Sirius Enoch Amoussou : Avant les balles étaient  conservées. Nous n’avons jamais soulevé les armes sur les uns et les autres. Mais grâce à vous nous assistons à des spectacles de balle perdues chaque année. ça fait mal. Réfléchissons un peu et cherchons ce qui avantagerait le peuple et non un camp. Pourtant je vous ai voté. Revoie ton system cher prego et comprend bien qu’après,  l’entourage fuit et laisse seul se juger. Merci

   · Tamègnon Dègla Joël Budigo : C’est vraiment déplorable et irréfléchi de la part des dits politiciens. Que l’Éternel protège notre pays le Bénin.

  Coralie Gouthon : En plus il a de l’humanité ! Le Bénin est comblé. Ça c’est un chef d’État.

Christian A. Hungbédji : Nous souhaitons prompt rétablissement à tous les militaires blessés tout en souhaitant que pareille situation ne se produise plus jamais dans notre pays.

Par ailleurs, cette situation déplorable aurait pu être évité à notre pays si vous aviez pris simplement la peine de prêter une oreille attentive à nos compatriotes lésés par la mise en application des nouvelles réformes incriminées.

Quand bien même l’on est convaincu d’avoir raison, il est parfois nécessaire de renoncer à l’usage légitime de la force que confrère la loi, et prendre des mesures d’apaisement pour faire baisser les tensions qui naissent des conflits politiques. Un mauvais arrangement vaut toujours mieux qu’un bon procès.

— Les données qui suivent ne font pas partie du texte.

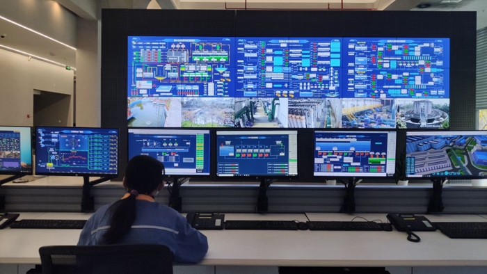 就在距生料车间不远处的办公楼内,中控室的大屏幕上,显示着整个工厂的实时生产画面。工作人员只用在数字系统上操作,对应的实体生产环节便会按照指令运行。

Francis Sekko : J’espère que celle qui a avoué lors du Live de Vital Panou, que les chasseurs manquaient de moyens pour affronter l’armée se rend compte des conséquences. Que la Justice déniche les acteurs directs et indirects.

Stevene Ifaca : Les Béninois vous salueront quand vous aurez fini votre oeuvre, cher président. Pour l’heure, faites votre travail comme vous l’avez toujours fait, sans regarder la mine de quelqu’un. Dieu et les mânes de nos ancêtres vous accompagnent!

  Ghislaine Elias : Mr le président votre acte est à saluer mais je vous informe que tout les blessés n’ont pas été prise en compte. Ma mère a été blessé par balle à son domicile le vendredi passé par les balles que les militaires ont tirés à okedam (parakou) Je vous assure qu’elle a été abandonné à son consort. Rien n’a été prise charge par l’hôpital des instructions des armées malgré qu’elle a été hospitalisé là. Je sais que vous avez un coeur et que vous pouvez venir à notre secours puisque les dépenses pèsent trop sur nous mr le président. Elle n’a rien fait pour mériter cela. Sa souffrance est trop. Merci de nous venir en aide Mr le président.

Eulogia Djibode : Monsieur, le président, quand vous aurez en aurez fini avec les différentes victimes des violences pré-électorales (dans les deux camps), il serait temps de vous occuper du cas EBOMAF… Leur camions continuent de faire des victimes et trop c’est trop!